6. Pension Plan's Motion for Summary Judgment Directed to the Operative Second Amended Complaint

In its second amended complaint, the operative pleading, First Southern asserted three contract causes of action based on alternative theories of express contract, implied contract andthird party beneficiary of an express contract. In each cause of action First Southern alleged Pension Plan had breached the provision in its lease with Aviation Mortgage that prohibited it from unreasonably withholding its consent to assignment.

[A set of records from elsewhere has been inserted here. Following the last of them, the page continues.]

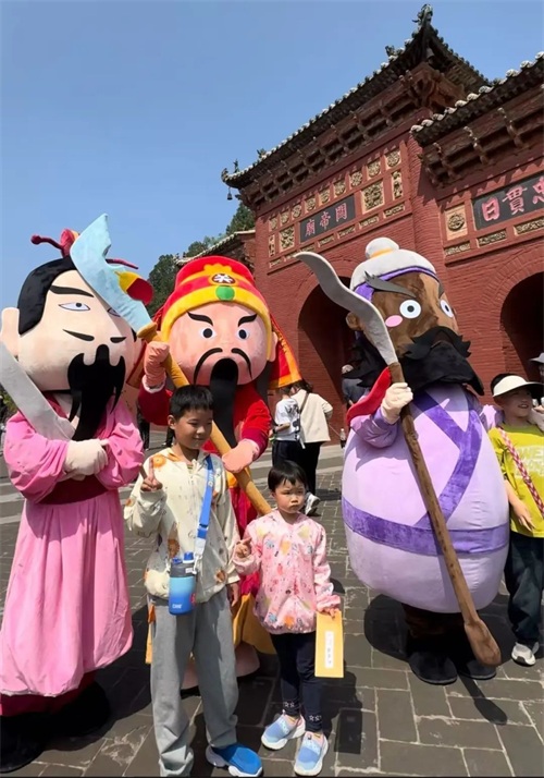 “快看!‘关公’变成动漫人物啦,好酷啊!”5月3日,运城解州关帝祖庙内欢声笑语不断,一场别开生面的文化演艺活动正在火热进行。身着动漫服饰的“刘备”“关羽”“张飞”一经亮相,便引来游客阵阵欢呼,不少小朋友兴奋地跑上前合影,大人则纷纷举起手机拍照,现场气氛热烈。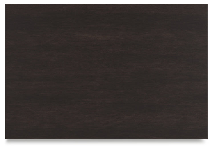 Made with hardwood solids, engineered wood veneer and MDF substrates, Dark brown finish, Metal bar pulls with bright nickel-tone finish, 2 smooth-gliding drawers with dovetail construction and metal center guides, Drawer interiors are lined with a wood grain laminate for a clean, finished look, Top moulding |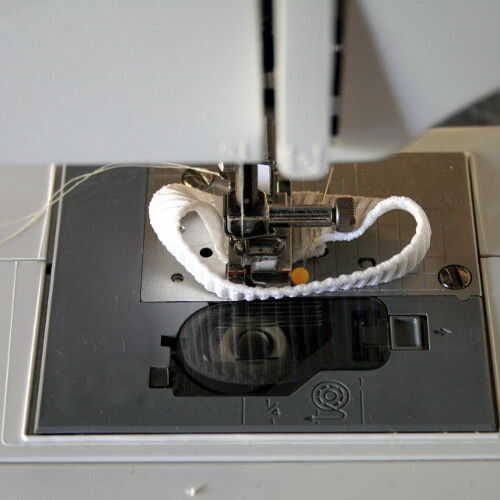 Si usted está usando una banda elástica de anchura pequeña (por ejemplo, 1/4"), zigzagueando unos puntadas rectas deberían ser adecuadas.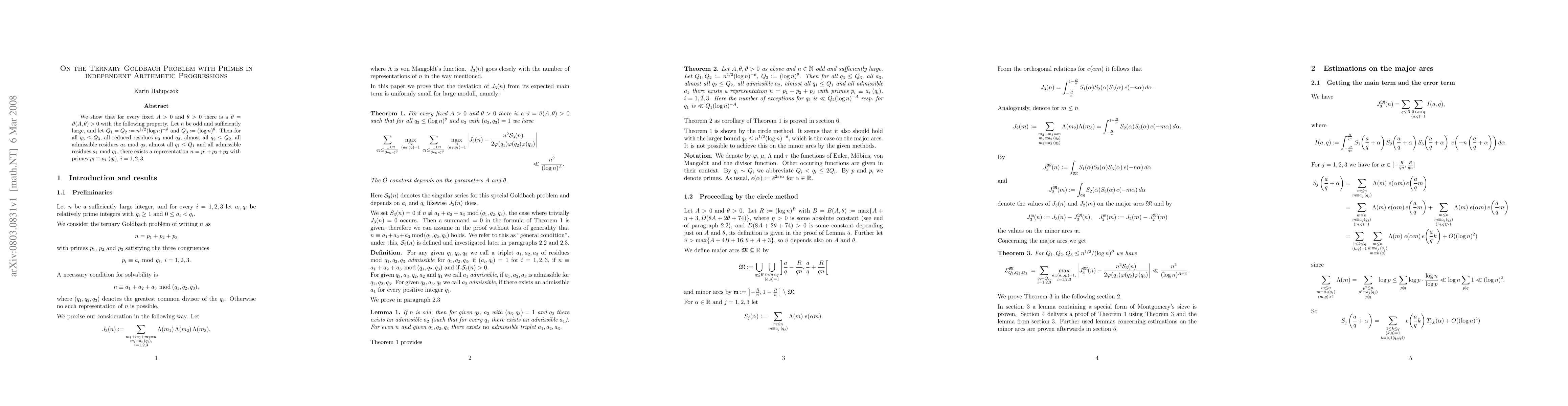 This research demonstrates that for any given positive A and theta, there exists a theta(A,theta) such that for large odd n, almost all combinations of primes p1, p2, p3 satisfying specified congruence conditions can represent n. These primes are in independent arithmetic progressions with specified moduli and residues.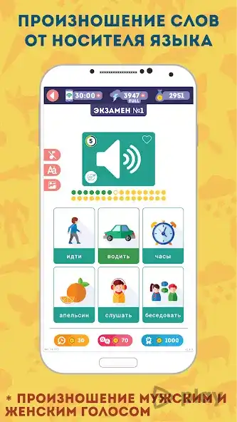 Есть аудио для всех слов — можно слушать и повторять. Задания разные: от простого запоминания до построения сложных конструкций. Сложность растет постепенно, можно начинать с нуля или подтягивать то, что уже знаешь.

Pension Plan moved for summary judgment and, in the alternative, summary adjudication, arguing First Southern could not prevail on its contract claims as a matter of law because it was not a party to the lease agreement between Pension Plan and Aviation Mortgage or a third party beneficiary of that contract and no other express or implied agreement concerning the proposed assignment existed between them. Alternatively, it argued, Pension Plan acted reasonably in response to the proposed assignment and did not breach the lease agreement.

In its opposition to Pension Plan's motion, First Southern argued it was a party to an express or implied contract or a third party beneficiary of an express or implied contract as a matter of law and, at a minimum, triable issues of material fact existed on each of those questions. In addition, citing statements made in Auguste's declaration, First Southern argued triable issues of material fact also existed as to whether Pension Plan unreasonably and in bad faith delayed its decision on the proposed assignment.

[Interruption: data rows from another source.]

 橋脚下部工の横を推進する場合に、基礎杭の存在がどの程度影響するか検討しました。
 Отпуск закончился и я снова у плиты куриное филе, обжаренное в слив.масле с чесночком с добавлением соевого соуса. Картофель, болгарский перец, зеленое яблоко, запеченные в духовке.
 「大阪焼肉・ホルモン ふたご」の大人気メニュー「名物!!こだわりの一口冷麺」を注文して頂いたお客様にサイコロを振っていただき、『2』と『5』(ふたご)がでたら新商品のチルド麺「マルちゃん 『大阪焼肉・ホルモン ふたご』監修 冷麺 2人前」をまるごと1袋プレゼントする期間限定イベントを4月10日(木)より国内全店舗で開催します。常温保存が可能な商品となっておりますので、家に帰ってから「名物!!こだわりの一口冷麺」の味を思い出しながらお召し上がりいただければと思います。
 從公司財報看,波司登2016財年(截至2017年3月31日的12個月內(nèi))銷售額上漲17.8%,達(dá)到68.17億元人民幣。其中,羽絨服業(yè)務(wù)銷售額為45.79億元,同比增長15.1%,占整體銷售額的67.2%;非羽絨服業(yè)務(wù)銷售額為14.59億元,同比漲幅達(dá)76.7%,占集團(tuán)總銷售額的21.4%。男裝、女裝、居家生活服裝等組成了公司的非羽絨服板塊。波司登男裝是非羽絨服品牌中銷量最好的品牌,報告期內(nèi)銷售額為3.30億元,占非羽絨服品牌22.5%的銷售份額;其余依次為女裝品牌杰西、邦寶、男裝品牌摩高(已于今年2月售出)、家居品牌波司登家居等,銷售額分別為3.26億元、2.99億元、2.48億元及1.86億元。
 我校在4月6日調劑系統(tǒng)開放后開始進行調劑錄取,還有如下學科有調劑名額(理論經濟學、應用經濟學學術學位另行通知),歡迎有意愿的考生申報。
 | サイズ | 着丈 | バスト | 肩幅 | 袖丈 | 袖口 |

The trial court granted Pension Plan's summary judgment motion, concluding as a matter of law that First Southern was not a party to the lease or an implied contract incorporating the lease terms or a third party beneficiary of the lease and, therefore, could not prevail on any of its contract claims.

DISCUSSION
1. Standard of Review

A motion for summary judgment is properly granted only when "all the papers submitted show that there is no triable issue as to any material fact and that the moving party is entitled to a judgment as a matter of law." (Code Civ. Proc., § 437c, subd. (c).) We review a grant of summary judgment de novo and decide independently whether the facts not subject to...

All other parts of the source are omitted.